◆ **Exercise**:
Using the data below, reproduce exactly the lines from the line with "UP共推出5款车型,售价区间" to the line with "Ein spielerischer Jack", both included; pictures must be dropped.

[Dataset records Boundary: Start]

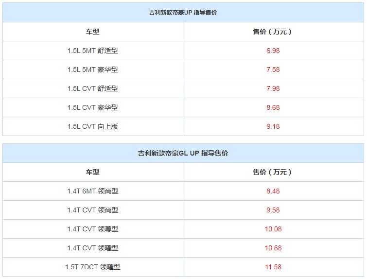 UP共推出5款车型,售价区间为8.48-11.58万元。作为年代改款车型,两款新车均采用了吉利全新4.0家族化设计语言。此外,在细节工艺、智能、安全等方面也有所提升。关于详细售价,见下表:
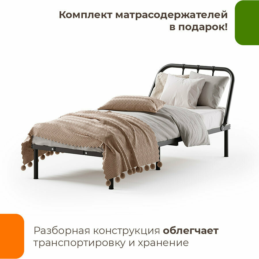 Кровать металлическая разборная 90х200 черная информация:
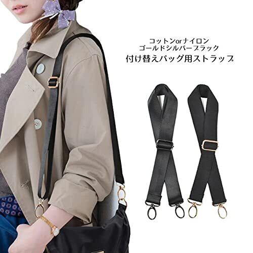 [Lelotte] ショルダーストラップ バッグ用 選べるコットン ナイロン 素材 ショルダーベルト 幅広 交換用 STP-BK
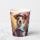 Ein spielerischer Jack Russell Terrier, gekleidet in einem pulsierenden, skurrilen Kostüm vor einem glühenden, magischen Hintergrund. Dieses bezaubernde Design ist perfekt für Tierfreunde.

[Dataset records Boundary: End]
[Dataset records Boundary: Start]

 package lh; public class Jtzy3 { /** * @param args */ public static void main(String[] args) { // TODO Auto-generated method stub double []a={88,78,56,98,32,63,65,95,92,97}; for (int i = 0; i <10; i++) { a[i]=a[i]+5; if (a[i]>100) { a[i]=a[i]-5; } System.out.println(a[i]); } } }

[Dataset records Boundary: End]

◆ **Result**:
 UP共推出5款车型,售价区间为8.48-11.58万元。作为年代改款车型,两款新车均采用了吉利全新4.0家族化设计语言。此外,在细节工艺、智能、安全等方面也有所提升。关于详细售价,见下表:
 Кровать металлическая разборная 90х200 черная информация:
 [Lelotte] ショルダーストラップ バッグ用 選べるコットン ナイロン 素材 ショルダーベルト 幅広 交換用 STP-BK
 Ein spielerischer Jack Russell Terrier, gekleidet in einem pulsierenden, skurrilen Kostüm vor einem glühenden, magischen Hintergrund. Dieses bezaubernde Design ist perfekt für Tierfreunde.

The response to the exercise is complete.